Cosenza released the lapel. “You come to the restaurant with us. You can order anything you want, anything on the menu. I’ll pay for it.”
“But I got a heart murmur,” the man whimpered. “Look here.” He brought out a crumpled, almost unreadable, page of discharge instructions. “Look here, I got a heart murmur. They said I had it for a long time, and that’s the truth.”
Cosenza turned, twigged my arm, and shepherded me toward his favorite Chinese restaurant, about a block away. At first the man with the heart murmur stood there, looking resentful and confused, but then he began to follow us. Glancing back, I noticed his lurching ataxic gait. Once inside, Cosenza collared a waitress, pointed to Brown, who was standing at the curb, gazing nonchalantly across the street, and said, “If he comes in, let him order anything he wants. I’ll pay for it.”
“For take out?” she asked.
“Whatever,” he said. “Let him have a table if he wants.” That was clearly not what she wanted.
Sure enough, in a few minutes Herbert T. Brown, Junior, ventured in, having glumly walked back and forth in several times front of the establishment.
Cosenza and I sipped tea and talked about virtue. We both agreed that the discipline of medical humanities is difficult to define. It falls into that “you’ll-know-one-when-you-see-one” category of things, but when you try to define it precisely, you get caught in mush. Nonetheless, we were both passionate about the value of literature and art in medical education. “What a doctor needs,” he said, “is an understanding heart.”
Meanwhile, Herbert T. Brown, Junior, had decided to eat in. He slumped at a small table by the kitchen door, having shed his knit cap, scarf, and one of his overcoats. Each time a waitress was obliged to pass his table on her way to the kitchen, she took a detour walking as close as possible to the pots of artificial flowers that lined the back wall. After a few minutes, his order began to appear.
One of the unique things about Dr. Cosenza’s medical subinternship is its humanities assignment. As an integral part of the subinternship, he requires his fourth-year students to write a series of one-page essays. However, these are not disquisitions on orthodox medical topics, like the renin-angiotensin system or the treatment of life-threatening hypernatremia. No, he insists that each week his students produce a few paragraphs on a topic like, “What is the relationship between color and music?” Or, “Explain the root cause of poverty.”
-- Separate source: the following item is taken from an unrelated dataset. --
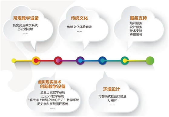 中教啟星中學歷史學科的方案設計集教學區、活動區以及讀書角等多功能區域為一體,支持學生室內交互、體驗活動的展開,能夠滿足歷史教學學科多樣化的教學需求。在富有多樣性、沉浸性的歷史教學空間中,學生能夠在教師的引領下,認識人類社會發展歷程,培養歷史學科核心素養,提高綜合實踐能力,增強對歷史的興趣,激發創造力。

Naturally, I asked him about this rather unusual approach to teaching medical humanism. He chuckled. “Well, it knocks them for a loop. It does that. But I love it. And they’re so good, you know. They just need to pay attention. That’s what it’s all about, paying attention.”
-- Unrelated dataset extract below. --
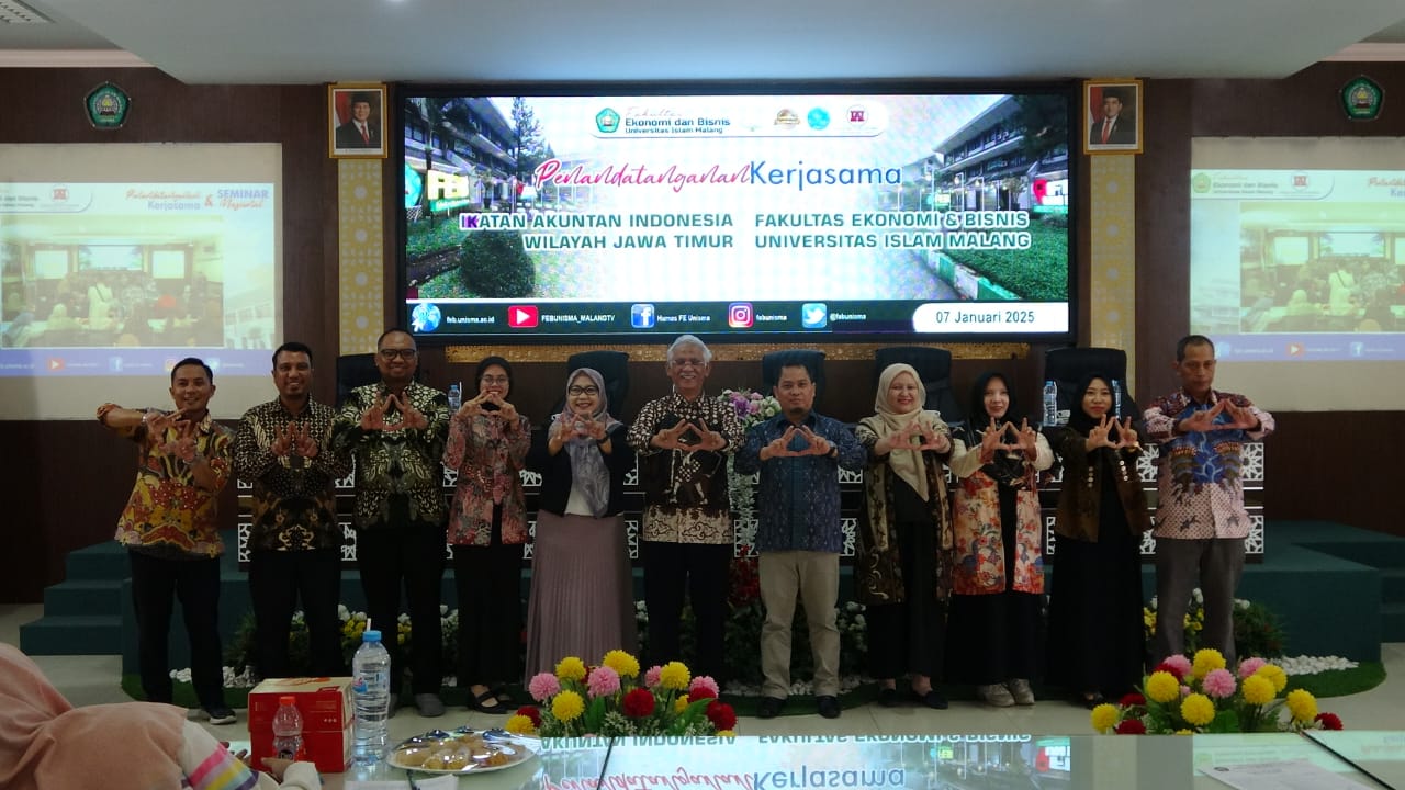 Rabu, 7 Januari 2025, Ikatan Akuntan Indonesia (IAI) Wilayah Jawa Timur melakukan penandatangan Memorandum of Understanding (MoU) dengan Universitas Islam Malang (UNISMA). Ketua IAI Wilayah Jawa Timur, Prof. Basuki., M.Com(HONS), Ph.D., Ak., CMA., ACPA. CertDA. Bersama dengan Dekan Fakultas Ekonomi dan Bisnis (FEB) UNISMA, Afifudin, SE, M.SA, Ak. melakukan penandatangan MoU dalam rangka meningkatkan kemampuan dan keterampilan guna mendukung terciptanya kemajuan perekonomian yang bermula dari dunia Pendidikan.

Meanwhile a feast appeared at his other guest’s table. Soup. Spring rolls. Pepsi. Another soup. A bowl of rice. Three plates of entrees. He ate slowly, but steadily. Herbert C. Brown, Junior’s, medical condition, whatever it may have been, did not interfere with his appetite.
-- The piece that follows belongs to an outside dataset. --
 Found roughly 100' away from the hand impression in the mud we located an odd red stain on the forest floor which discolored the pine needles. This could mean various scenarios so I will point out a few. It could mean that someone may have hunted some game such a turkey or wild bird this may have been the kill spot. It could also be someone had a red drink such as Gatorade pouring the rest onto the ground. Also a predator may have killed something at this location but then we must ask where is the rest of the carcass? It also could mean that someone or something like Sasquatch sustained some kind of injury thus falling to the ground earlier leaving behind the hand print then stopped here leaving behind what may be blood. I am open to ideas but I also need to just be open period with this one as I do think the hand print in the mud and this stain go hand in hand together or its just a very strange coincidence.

As lunch and conversation continued, I lost track of the panhandler. When we finally stood up to pay the bill, Mr. Brown was gone, his table cleared. I wondered if the Chief was disappointed that he hadn’t received a thank-you, or exploited the opportunity to give some cautionary advice on alcohol and nutrition. If so, he didn’t mention it. We bundled up and began our trek back to the hospital in companionable silence.
As we walked along with the wind to our backs, I found myself smiling as I fantasized several new topics for the Chief’s famous humanities essays. “Explain generosity” was one. Another: “Explicate lunch as a function of compassion.”
And, finally, the coup-de-grace: “What does it mean to love your neighbor?”